**** Material for this exercise ****

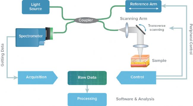 在SD-OCT系統(tǒng)中,寬帶激光分為兩條路徑:一條到參考臂,一條到待測樣品。從這兩條路徑返回的光被重新組合并干涉產(chǎn)生條紋圖案,光譜儀讀取該條紋圖案,光譜儀將每個波長的強(qiáng)度數(shù)字化。超連續(xù)激光器或低成本的超發(fā)光二極管(SLED)都可以用作光源。為了生成橫截面 OCT圖像,必須使用高速掃描機(jī)制(如振鏡或基于MEMS的設(shè)備)在樣品上快速掃描激光束。
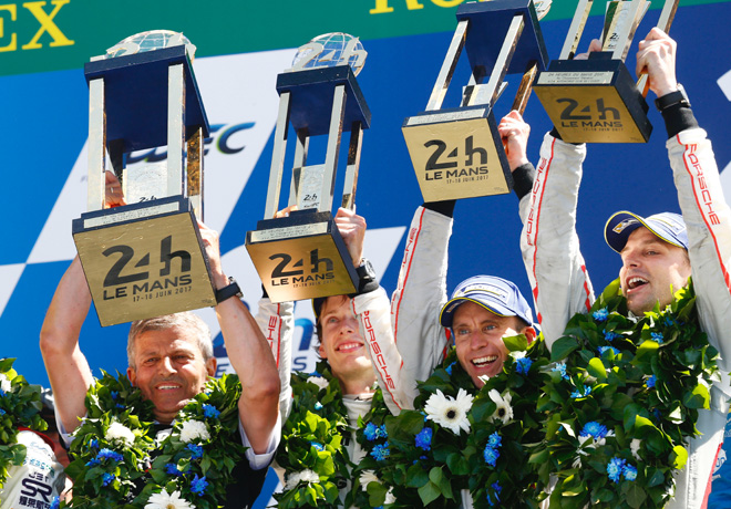 El Porsche 919 Hybrid número 2 conducido por Timo Bernhard, Earl Bamber y Brendon Hartley fue el vencedor de las 24 Horas de Le Mans, la clásica prueba de resistencia más exigente del mundo. Este triunfo fue el 19º de la casa de Stuttgart.
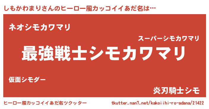 | 男性向けラノベタイトル風あだ名 | 『うちのしもかわまりが世界を掌握している!』 |
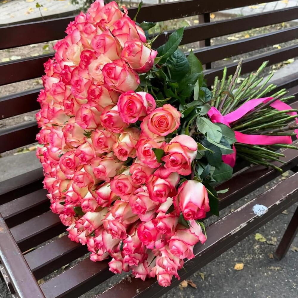 double color rose - 101 pcs rybon - 3 pcs
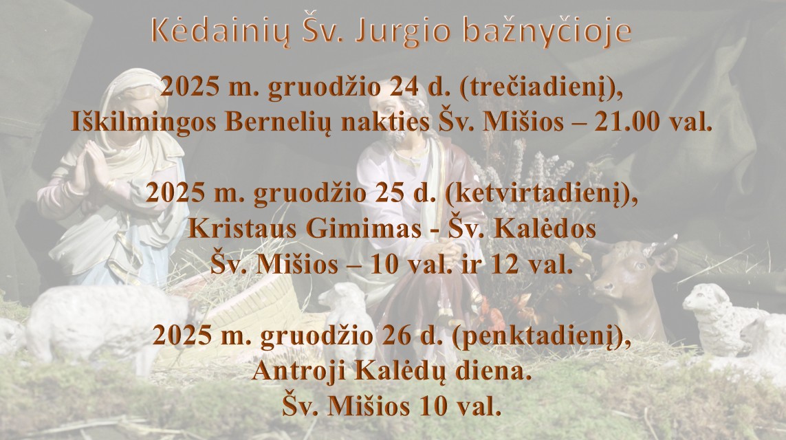 Gruodžio 25 d. Kristaus Gimimas - Šv. Kalėdos, Šv. Mišios kaip Sekmadienį – 10.00 ir 12.00 val.
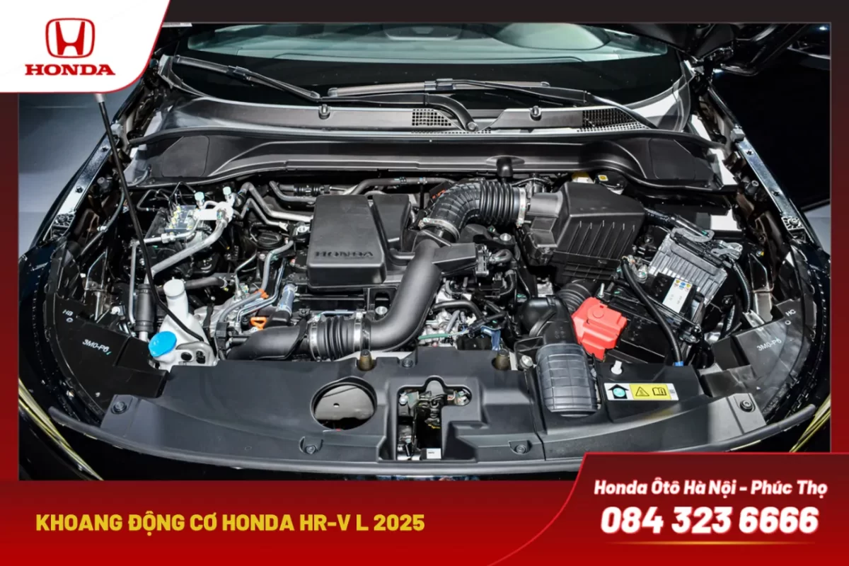 Honda HR-V L 2025 sử dụng động cơ xăng 1.5L hút khí tự nhiên, cho công suất tối đa 119 mã lực tại 6.600 vòng/phút và mô-men xoắn cực đại 145 Nm tại 4.300 vòng/phút. Hộp số tự động vô cấp CVT giúp chuyển số mượt mà, tối ưu khả năng tiết kiệm nhiên liệu trong cả đô thị và đường trường.

****

These entries are to be printed again word for word, except for the pictures.

 在SD-OCT系統(tǒng)中,寬帶激光分為兩條路徑:一條到參考臂,一條到待測樣品。從這兩條路徑返回的光被重新組合并干涉產(chǎn)生條紋圖案,光譜儀讀取該條紋圖案,光譜儀將每個波長的強(qiáng)度數(shù)字化。超連續(xù)激光器或低成本的超發(fā)光二極管(SLED)都可以用作光源。為了生成橫截面 OCT圖像,必須使用高速掃描機(jī)制(如振鏡或基于MEMS的設(shè)備)在樣品上快速掃描激光束。
 El Porsche 919 Hybrid número 2 conducido por Timo Bernhard, Earl Bamber y Brendon Hartley fue el vencedor de las 24 Horas de Le Mans, la clásica prueba de resistencia más exigente del mundo. Este triunfo fue el 19º de la casa de Stuttgart.
 | 男性向けラノベタイトル風あだ名 | 『うちのしもかわまりが世界を掌握している!』 |
 double color rose - 101 pcs rybon - 3 pcs
 Gruodžio 25 d. Kristaus Gimimas - Šv. Kalėdos, Šv. Mišios kaip Sekmadienį – 10.00 ir 12.00 val.
 Honda HR-V L 2025 sử dụng động cơ xăng 1.5L hút khí tự nhiên, cho công suất tối đa 119 mã lực tại 6.600 vòng/phút và mô-men xoắn cực đại 145 Nm tại 4.300 vòng/phút. Hộp số tự động vô cấp CVT giúp chuyển số mượt mà, tối ưu khả năng tiết kiệm nhiên liệu trong cả đô thị và đường trường.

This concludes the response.